# [Problem statement]
Would you print the lines below exactly, beginning at the line that has "而市场的质疑实则为:2017年收入、GMV同比大幅上涨,员工数量却不增反降。" and stopping after the line that has "身幅54 着丈68 裄丈84"? Only those lines, and no pictures.

# [Records provided]
Content starts
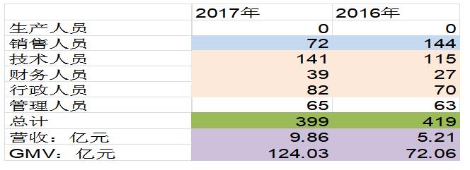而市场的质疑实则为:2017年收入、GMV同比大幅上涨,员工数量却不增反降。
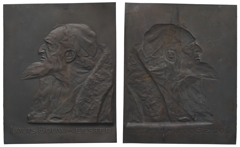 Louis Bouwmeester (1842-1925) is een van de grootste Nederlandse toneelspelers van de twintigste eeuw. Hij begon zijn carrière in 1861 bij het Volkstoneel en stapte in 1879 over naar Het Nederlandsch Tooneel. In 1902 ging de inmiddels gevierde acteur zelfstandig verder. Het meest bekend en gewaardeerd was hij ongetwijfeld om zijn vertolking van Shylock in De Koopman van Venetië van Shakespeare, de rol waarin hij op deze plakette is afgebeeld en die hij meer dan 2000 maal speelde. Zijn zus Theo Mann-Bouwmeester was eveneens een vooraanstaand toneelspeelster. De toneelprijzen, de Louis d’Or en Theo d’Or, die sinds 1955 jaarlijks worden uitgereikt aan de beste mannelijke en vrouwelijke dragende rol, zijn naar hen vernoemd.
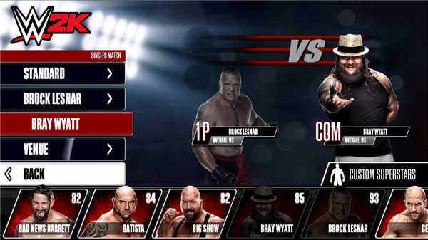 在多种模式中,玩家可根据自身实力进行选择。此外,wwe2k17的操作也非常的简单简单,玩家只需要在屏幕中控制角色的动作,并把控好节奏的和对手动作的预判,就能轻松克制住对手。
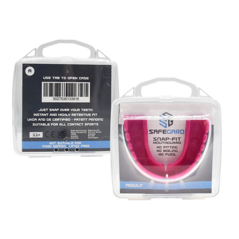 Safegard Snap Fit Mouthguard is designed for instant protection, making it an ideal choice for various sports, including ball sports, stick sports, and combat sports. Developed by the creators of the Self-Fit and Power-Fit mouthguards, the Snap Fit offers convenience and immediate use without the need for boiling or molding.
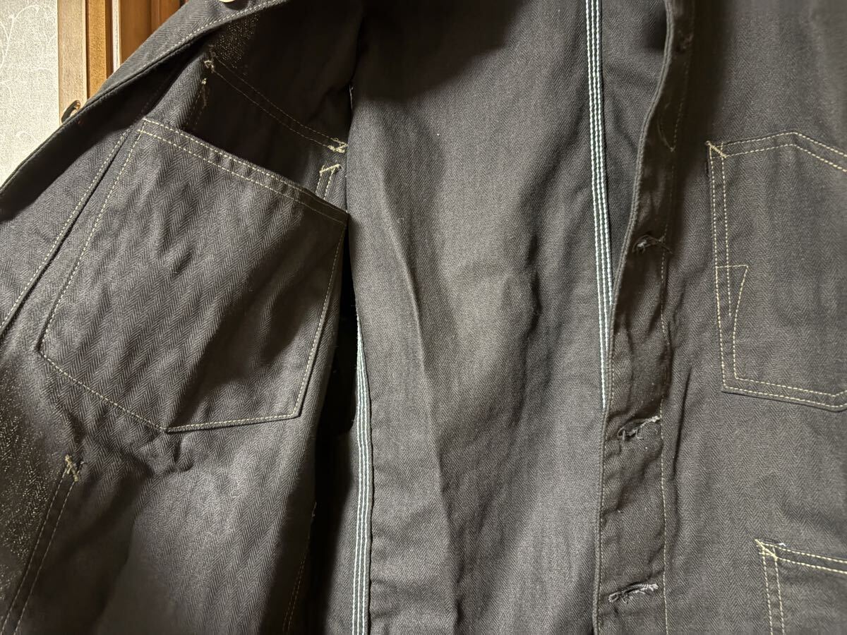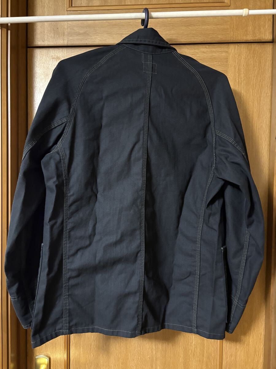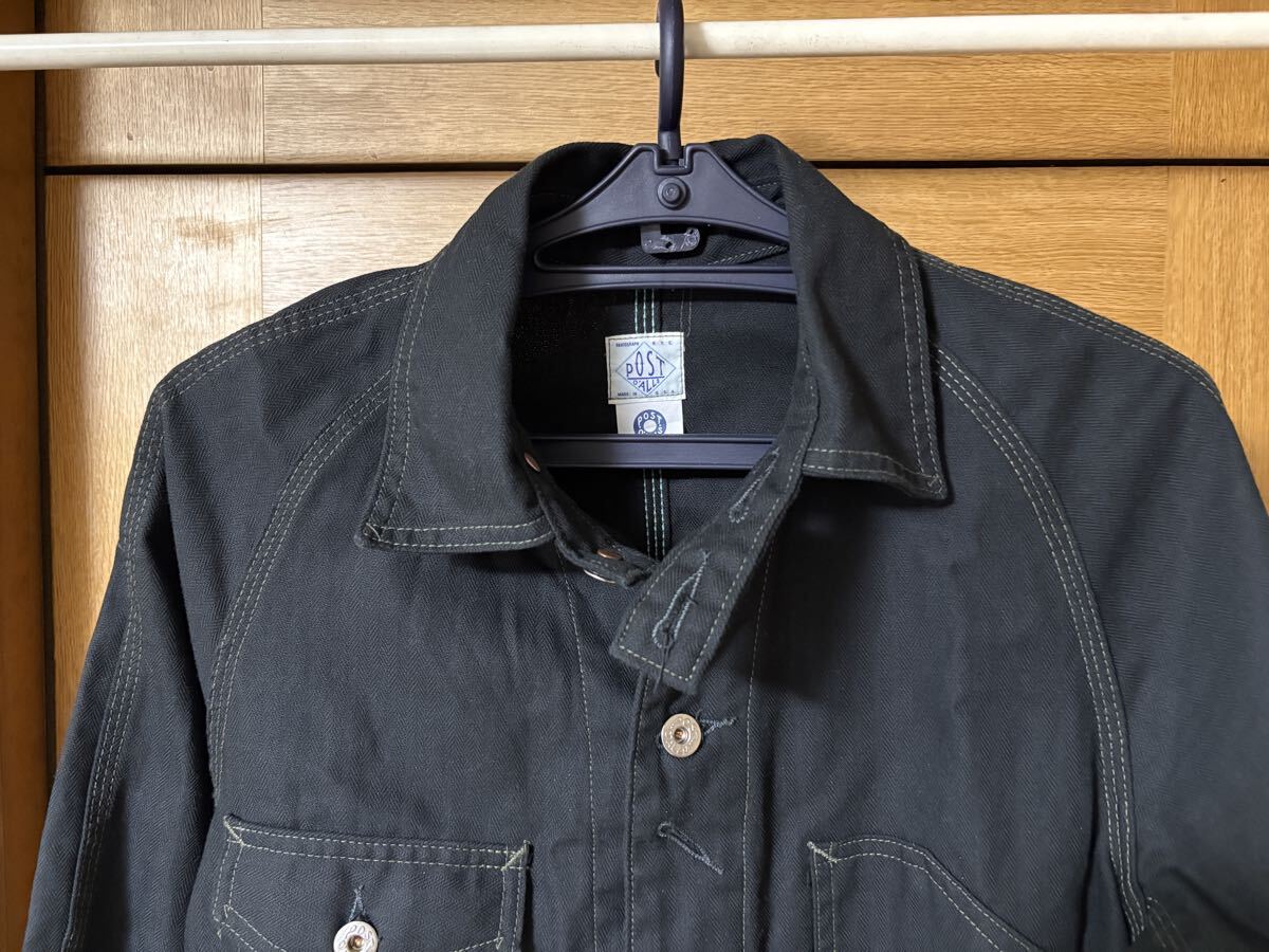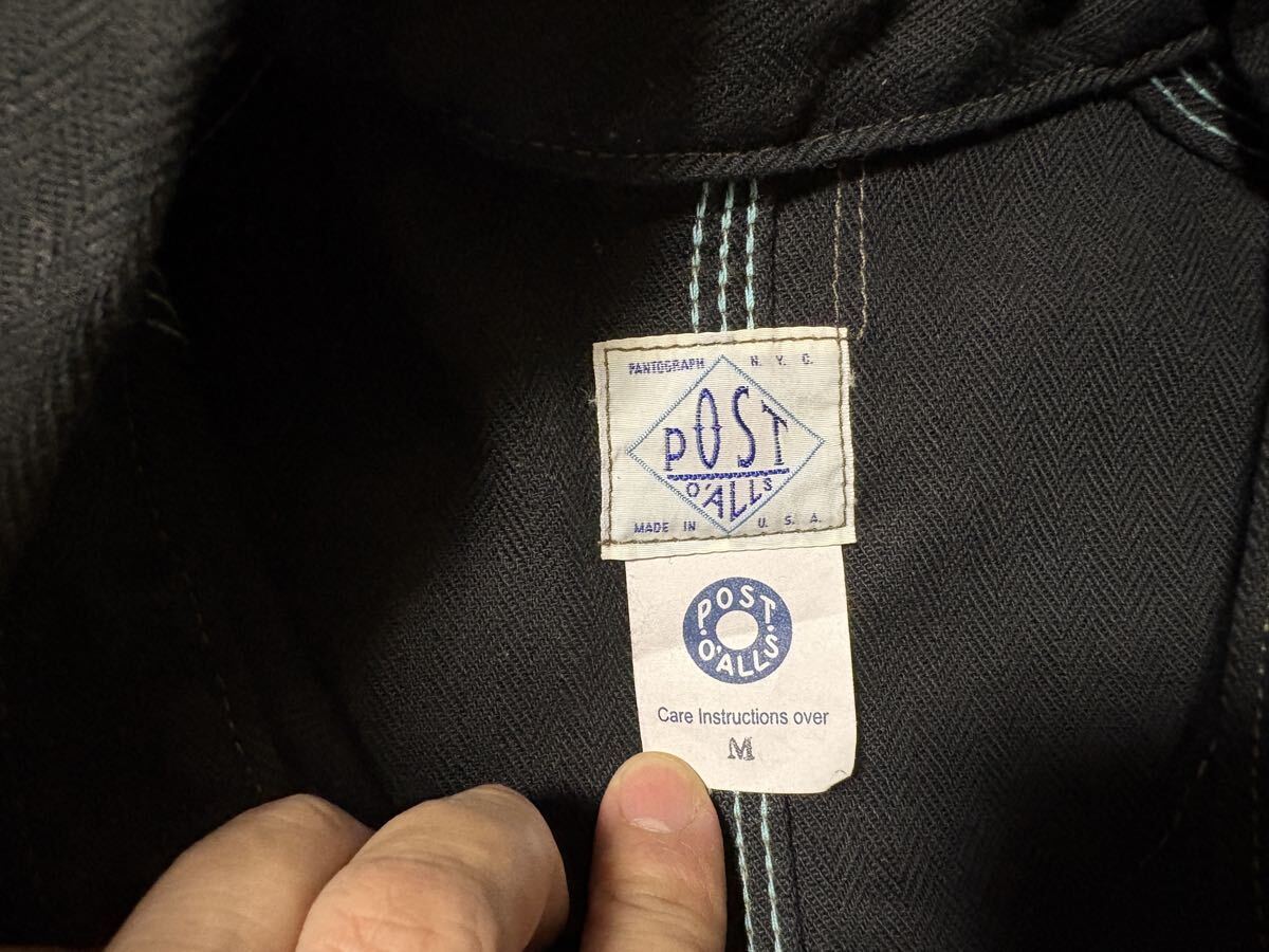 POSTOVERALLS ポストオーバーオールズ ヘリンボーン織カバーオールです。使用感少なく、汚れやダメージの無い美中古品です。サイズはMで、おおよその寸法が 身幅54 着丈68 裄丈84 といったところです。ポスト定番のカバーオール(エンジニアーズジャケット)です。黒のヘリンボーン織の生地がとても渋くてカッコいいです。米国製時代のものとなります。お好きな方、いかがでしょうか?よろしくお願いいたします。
Content ends
Content starts
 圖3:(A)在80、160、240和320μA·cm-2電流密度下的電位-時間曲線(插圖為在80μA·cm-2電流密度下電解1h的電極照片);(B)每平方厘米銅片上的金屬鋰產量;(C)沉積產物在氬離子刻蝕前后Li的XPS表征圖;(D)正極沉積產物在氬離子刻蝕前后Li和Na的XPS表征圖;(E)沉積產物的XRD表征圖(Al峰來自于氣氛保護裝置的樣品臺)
Content ends
# [Your solution]
而市场的质疑实则为:2017年收入、GMV同比大幅上涨,员工数量却不增反降。
 Louis Bouwmeester (1842-1925) is een van de grootste Nederlandse toneelspelers van de twintigste eeuw. Hij begon zijn carrière in 1861 bij het Volkstoneel en stapte in 1879 over naar Het Nederlandsch Tooneel. In 1902 ging de inmiddels gevierde acteur zelfstandig verder. Het meest bekend en gewaardeerd was hij ongetwijfeld om zijn vertolking van Shylock in De Koopman van Venetië van Shakespeare, de rol waarin hij op deze plakette is afgebeeld en die hij meer dan 2000 maal speelde. Zijn zus Theo Mann-Bouwmeester was eveneens een vooraanstaand toneelspeelster. De toneelprijzen, de Louis d’Or en Theo d’Or, die sinds 1955 jaarlijks worden uitgereikt aan de beste mannelijke en vrouwelijke dragende rol, zijn naar hen vernoemd.
 在多种模式中,玩家可根据自身实力进行选择。此外,wwe2k17的操作也非常的简单简单,玩家只需要在屏幕中控制角色的动作,并把控好节奏的和对手动作的预判,就能轻松克制住对手。
 Safegard Snap Fit Mouthguard is designed for instant protection, making it an ideal choice for various sports, including ball sports, stick sports, and combat sports. Developed by the creators of the Self-Fit and Power-Fit mouthguards, the Snap Fit offers convenience and immediate use without the need for boiling or molding.
 POSTOVERALLS ポストオーバーオールズ ヘリンボーン織カバーオールです。使用感少なく、汚れやダメージの無い美中古品です。サイズはMで、おおよその寸法が 身幅54 着丈68 裄丈84 といったところです。ポスト定番のカバーオール(エンジニアーズジャケット)です。黒のヘリンボーン織の生地がとても渋くてカッコいいです。米国製時代のものとなります。お好きな方、いかがでしょうか?よろしくお願いいたします。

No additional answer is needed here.